The reason the Torah publicizes her disgrace when it avoids even mentioning the disgrace of animals.
 

Synopsis:

"There Was But One"
At the conclusion of the portion Emor the Torah relates:417 "The son of an Israelite woman went out -- and he was the son of an Egyptian man with whom the woman had an illicit relationship ... The Israelite woman's son pronounced the Name and blasphemed and he was brought to Moshe; his mother's name was Shelomis, daughter of Divri..."
Our Sages note,418 that this teaches us that "the Jewish people as a whole are not suspect of engaging in illicit relationships" -- "It makes known the praise of Israel. From amongst them all, there was but this one woman who engaged in such an act, and the verse publicized and specifically mentioned her name."

Truly, this must be better understood. How is it that the praise of Israel is made known and revealed by relating and making public the ignominy of an individual Jew?

According to Jewish law,419 one is prohibited from negating and denying the rights of the individual for the benefit and advantage of the multitude. So, too, it would seem should be the case with regard to relating approbation and disapproval: it is difficult to imagine the approbation and praise of the Jewish people coming at the expense and censure of an individual Jew.

We must surely then say, that since publicizing the woman's name gave rise to the praise of all the Jewish people, this is not considered a matter of disgrace for that particular woman as well. Quite the contrary, this itself is her praise, that through her the Torah makes known the praise of Israel that they are not suspect of illicit relationships.

To better understand this, let us offer the following example: The Torah forbids wastefulness and profligacy -- if one throws out an item of value he transgresses the prohibition of Bal Tashchis. This, however, only applies if the act is entirely wasteful and no positive benefit accrues.420 If his action brings about a positive result, then the prohibition of Bal Tashchis does not apply.421

Here as well, publicizing the individual's name -- the seemingly "wasteful" action -- strengthens our awareness that "there was but one who acted in such a manner," for "the Jewish people as a whole are not suspect of engaging in illicit relationships." Since benefit was derived from this person's improper deed, publicizing the deed is not considered a matter of disgrace for the particular individual as well.

What's more, there is a dispute422 whether one is obliged to place himself in possible jeopardy in order to save another from a manifest life-threatening situation. Some maintain423 that the above dispute does not apply to a situation where a multitude of Jews are in danger; in that instance, an individual should unhesitatingly expose himself to possible personal danger.
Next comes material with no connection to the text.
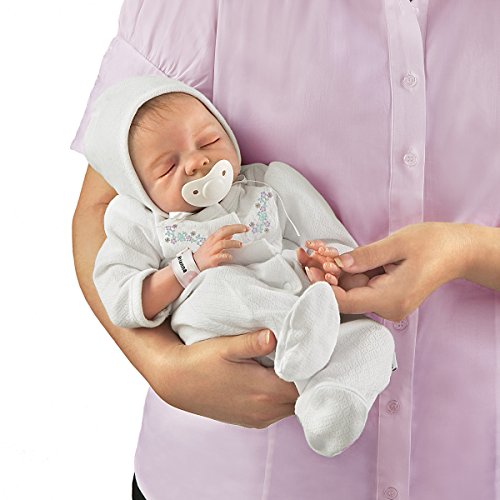 The Ashton Drake Galleries So Truly Real Lifelike, Realistic Newborn Baby Doll 18 inches is the perfect gift for a special someone. Whether it s a young child s first doll or a collector s latest addition, this item will be cherished for years to come. The doll is crafted from high quality materials and features realistic details that make it feel like a real baby. It has RealTouch vinyl skin that is incredibly soft and lifelike, a weighted cloth body that feels like the real thing in your arms, and hand applied hair that looks and feels natural. Its wispy eyelashes, tiny hand painted fingernails and toenails give it an extra dose of realism. The doll also comes with with a footed sleeper with a matching cap, plus a FREE pacifier and a hospital bracelet you can personalize when you choose her name!

This is not to say that saving a multitude sets aside the life of an individual. Rather, it is because each individual is a part of the body of Klal Yisrael, the brotherhood of the Jewish people. Thus, rescuing Klal Yisrael from danger is deliverance for the individual as well.

If this is so with regard to placing one's life in danger for the benefit of the many, how much more so with regard to publicizing an untoward deed in order to emphasize the praise of all of Israel. Especially so, since this aspect of morality relates to the overall morality of each and every individual Jew, Shelomis bas Divri included.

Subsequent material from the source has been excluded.